Brotherick I, Browell D A, Shenton B K, Egan M, Cunliffe W J, Webb L A, Lunt L G, Young J R, Higgs M J
Department of Surgery, University of Newcastle upon Tyne, UK.
Br J Cancer. 1998 May;77(10):1657-60. doi: 10.1038/bjc.1998.272.

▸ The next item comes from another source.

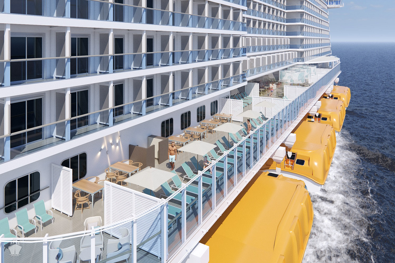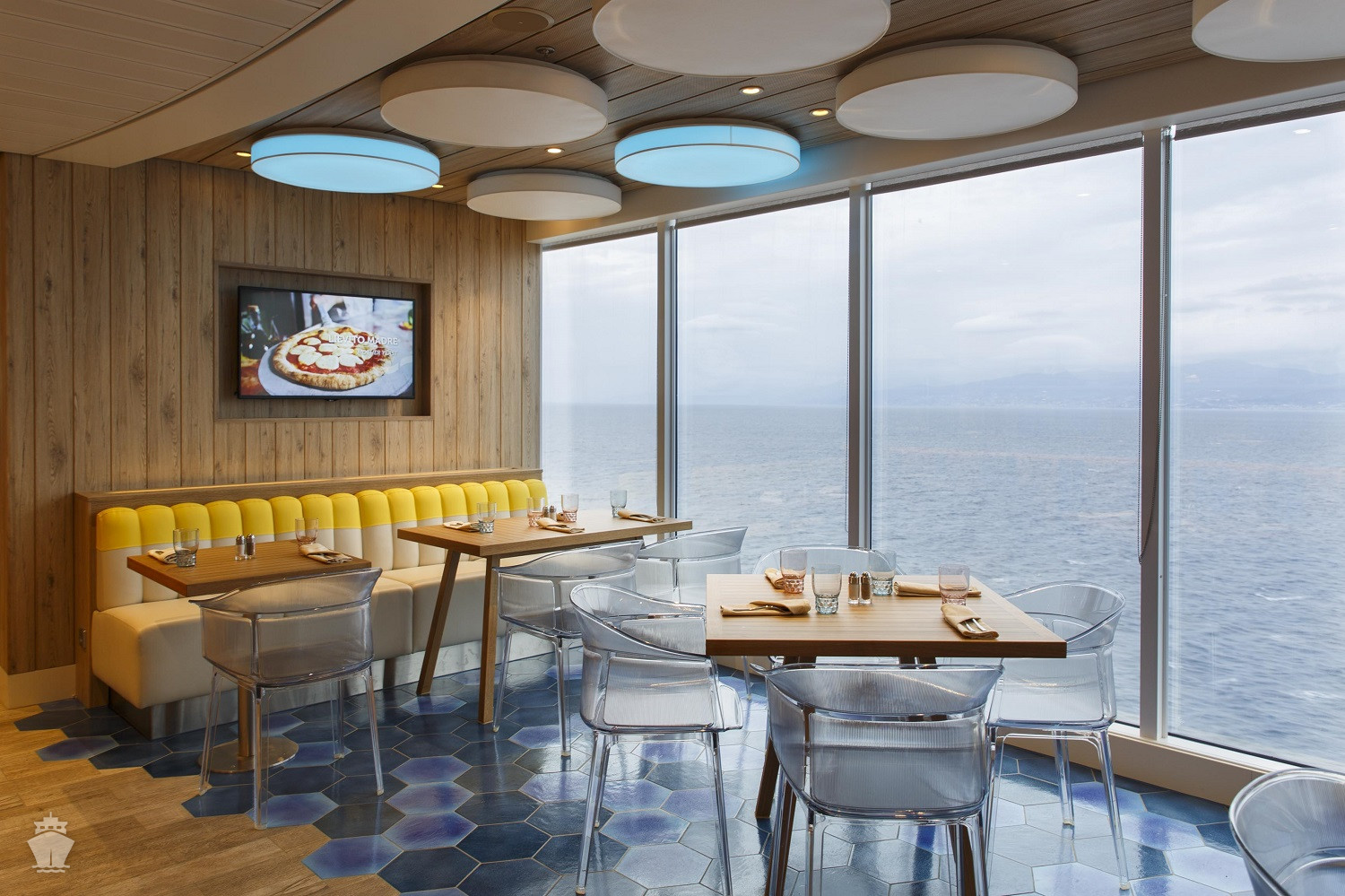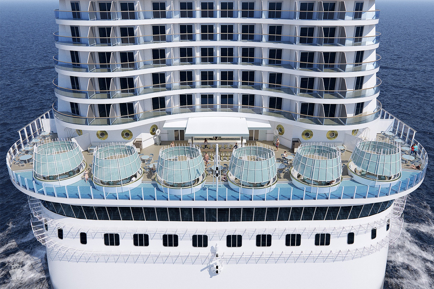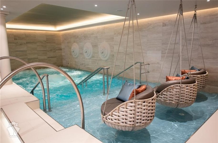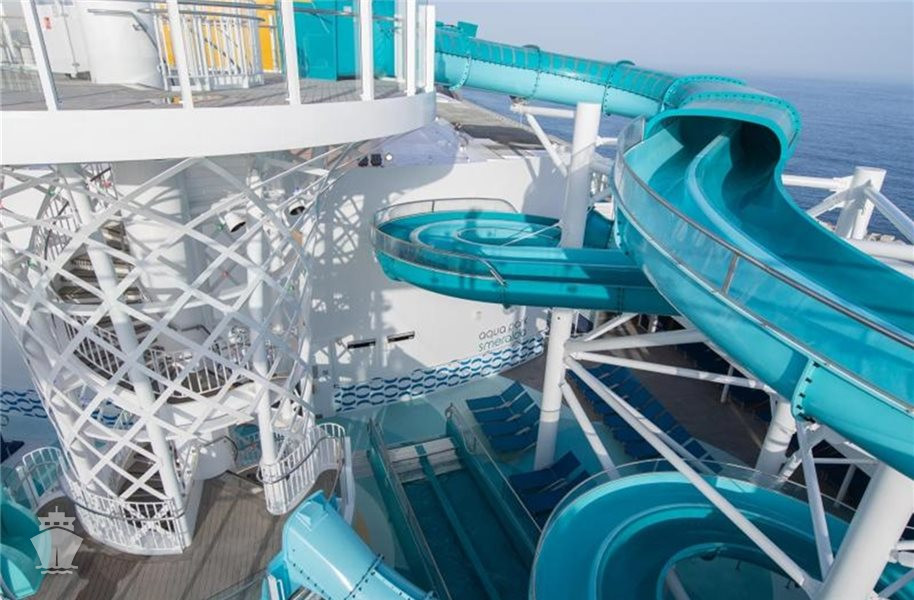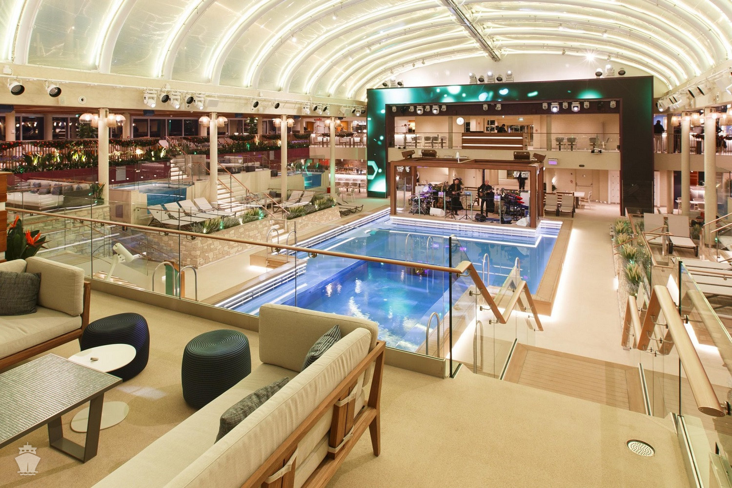 - 3 bazény na horní palubě, 1 bazén s posuvnou prosklenou střechou

The effect of 3-week, preoperative tamoxifen treatment on oestrogen receptor (ER) levels, expressed by primary breast tumours, was examined. Patients (age-matched) with breast cancer, confirmed by fine-needle aspiration, were either treated with 20 mg ml(-1) oral tamoxifen per day or received no medication in the 3-week interval between assessment and surgery. Quantification of ER using flow cytometry was performed on the surgically removed tumour samples from tamoxifen-treated (n = 40) and control (n = 38, untreated) patient groups. The tumours were mechanically disaggregated, and saponin treatment rendered these cells permeable to antibodies. Using dual-parameter labelling with a FITC-conjugated antibody (NCL-5D3) directed against cytokeratin 8/18/19 and a biotinylated antibody (DAKO-ER 1D5) directed against the oestrogen receptor, ER quantification was determined on a number of receptors per cell basis. Using QC quantum bead standards, ER levels in the epithelial cell population, the non-epithelial cell population and the whole-cell population (ER+) were calculated. ER levels were significantly lower in the total cell population than tamoxifen-treated patients (P = 0.002) when compared with the control (untreated) group. By using a gating procedure using 5D3 antibody positivity, a significantly lower level was detected on examining the cytokeratin-positive population alone (P = 0.006). Using a complementary gating technique, ER levels were quantified in the cytokeratin-negative cell population. Examination of this group of cells showed no significant difference between the levels of oestrogen receptor found in the tamoxifen-treated and untreated groups (P = 0.4). We have demonstrated that ER levels can be monitored by flow cytometry. ER levels in patients treated with tamoxifen 3 weeks before operation are significantly lower than in a comparative group of patients who received no drug. Furthermore, the most significant difference in receptor levels is seen by quantification of total ER levels expressed by all the tissue.
研究了术前3周他莫昔芬治疗对原发性乳腺肿瘤所表达的雌激素受体(ER)水平的影响。经细针穿刺确诊为乳腺癌的患者(年龄匹配),在评估与手术之间的3周间隔期内,每天接受20 mg/ml口服他莫昔芬治疗,或不接受任何药物治疗。对来自他莫昔芬治疗组(n = 40)和对照组(n = 38,未治疗)患者的手术切除肿瘤样本,使用流式细胞术对ER进行定量分析。将肿瘤机械分散,皂角苷处理使这些细胞对抗体具有通透性。使用针对细胞角蛋白8/18/19的异硫氰酸荧光素(FITC)偶联抗体(NCL-5D3)和针对雌激素受体的生物素化抗体(DAKO-ER 1D5)进行双参数标记,以每个细胞上的受体数量为基础确定ER定量。使用QC量子微珠标准,计算上皮细胞群体、非上皮细胞群体和全细胞群体(ER+)中的ER水平。与对照组(未治疗)相比,总细胞群体中的ER水平显著低于他莫昔芬治疗的患者(P = 0.002)。通过使用基于5D3抗体阳性的门控程序,单独检查细胞角蛋白阳性群体时检测到显著较低的水平(P = 0.006)。使用互补的门控技术,对细胞角蛋白阴性细胞群体中的ER水平进行定量。对这组细胞的检查显示,他莫昔芬治疗组和未治疗组中发现的雌激素受体水平无显著差异(P = 0.4)。我们已经证明,可以通过流式细胞术监测ER水平。术前3周接受他莫昔芬治疗的患者的ER水平显著低于未接受药物治疗的对照组患者。此外,通过对所有组织所表达的总ER水平进行定量分析,可以观察到受体水平的最显著差异。